● **WHAT IS BEING ASKED**
Write the data out again exactly, with no pictures.

● **PROVIDED MATERIAL**
··········
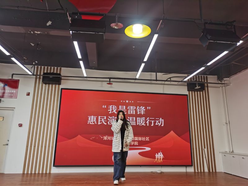 随后,音乐科技系红色文艺轻骑兵小分队闪亮登场,为社区居民带来了一场别开生面的“我是雷锋”惠民文艺演出,充分展示了音乐科技系师生的艺术才华和青春活力。演出过程中,社区居民们被师生们的表演深深吸引,现场不时爆发出热烈的掌声,气氛热烈而温馨。
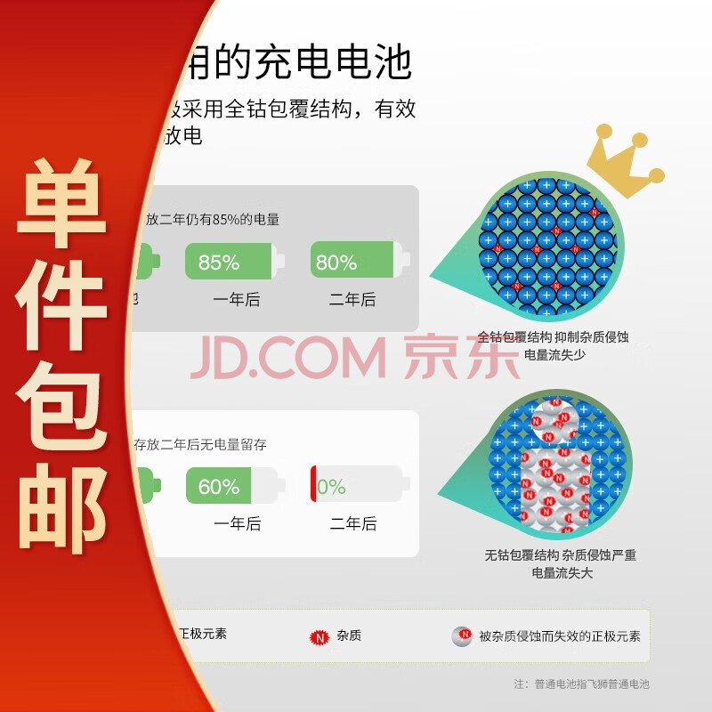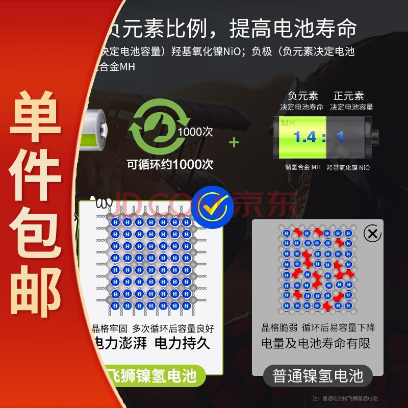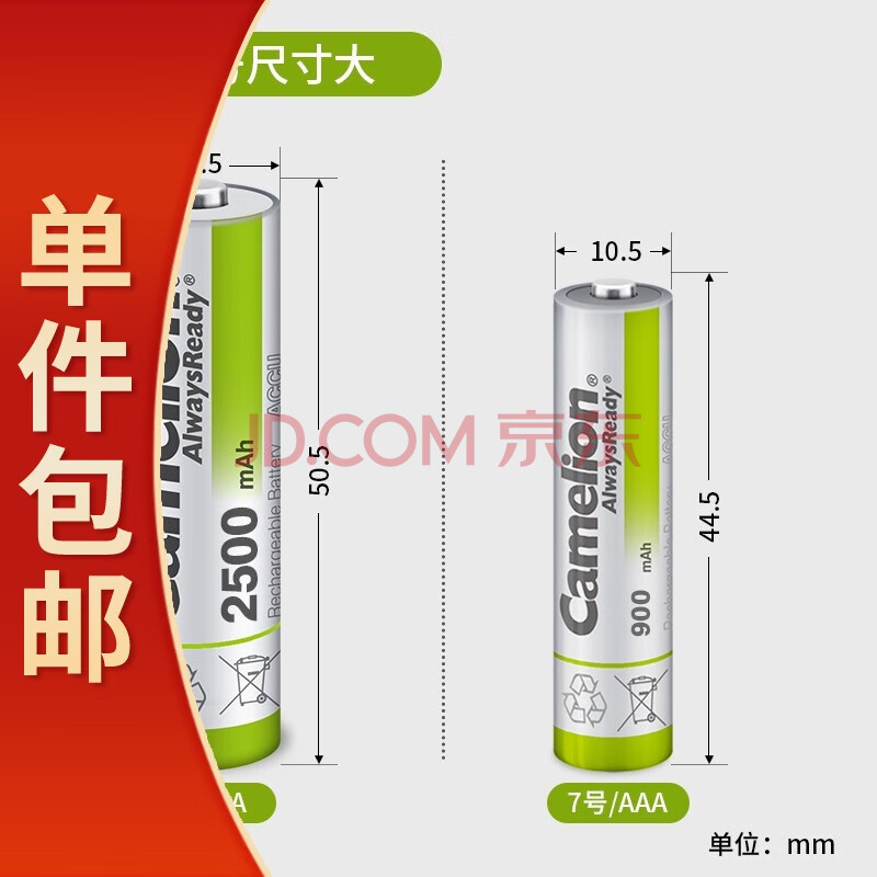 商品相册:飞狮(Camelion)低自放镍氢充电电池 7号/七号/AAA 900毫安时 2节 鼠标/键盘/遥控器/玩具/手电筒 一件包邮第
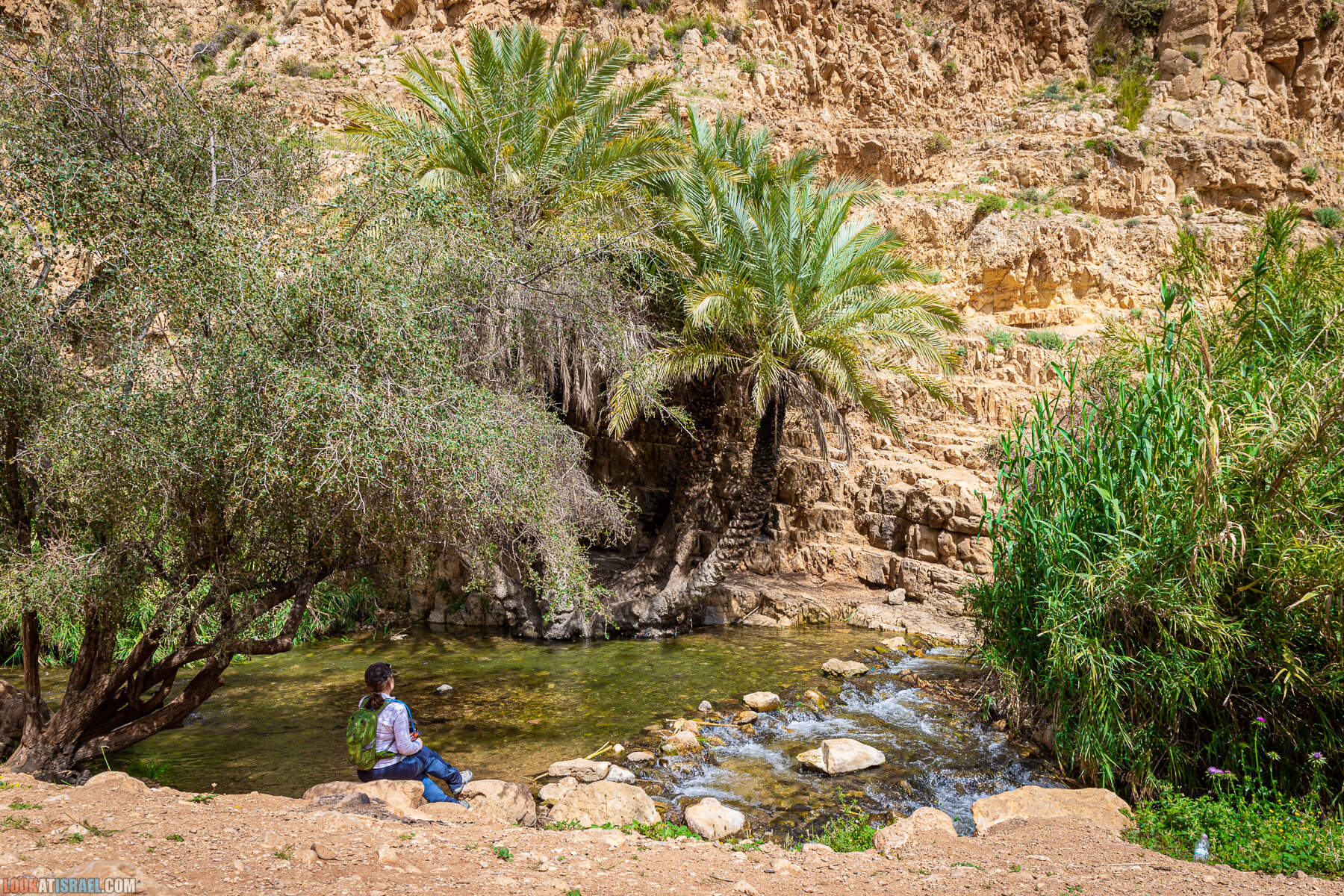 Это источник Эйн Уджа — супер красивый зеленый оазис в сердце Иорданской долины. Есть у него и название ивритское — нахал Итаб ( נחל ייט״ב — יד יצחק טבנקין) Название происходит от близлежащего еврейского поселения, а оно в свою очередь названо в честь Ицхака Табенкина
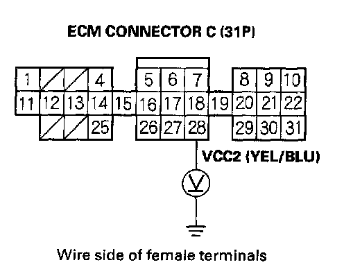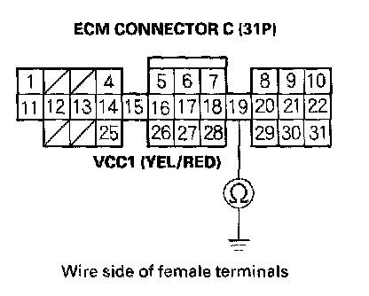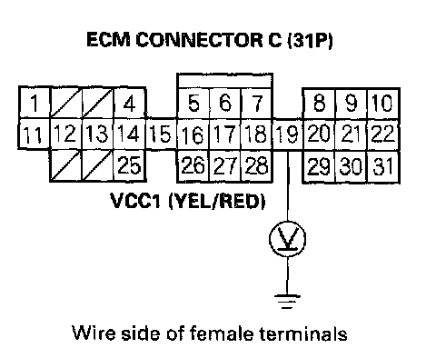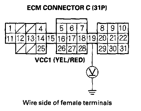 38. Measure voltage between body ground and ECM connector terminal C19.
··········
● **YOUR SOLUTION**
 随后,音乐科技系红色文艺轻骑兵小分队闪亮登场,为社区居民带来了一场别开生面的“我是雷锋”惠民文艺演出,充分展示了音乐科技系师生的艺术才华和青春活力。演出过程中,社区居民们被师生们的表演深深吸引,现场不时爆发出热烈的掌声,气氛热烈而温馨。
 商品相册:飞狮(Camelion)低自放镍氢充电电池 7号/七号/AAA 900毫安时 2节 鼠标/键盘/遥控器/玩具/手电筒 一件包邮第
 Это источник Эйн Уджа — супер красивый зеленый оазис в сердце Иорданской долины. Есть у него и название ивритское — нахал Итаб ( נחל ייט״ב — יד יצחק טבנקין) Название происходит от близлежащего еврейского поселения, а оно в свою очередь названо в честь Ицхака Табенкина
 38. Measure voltage between body ground and ECM connector terminal C19.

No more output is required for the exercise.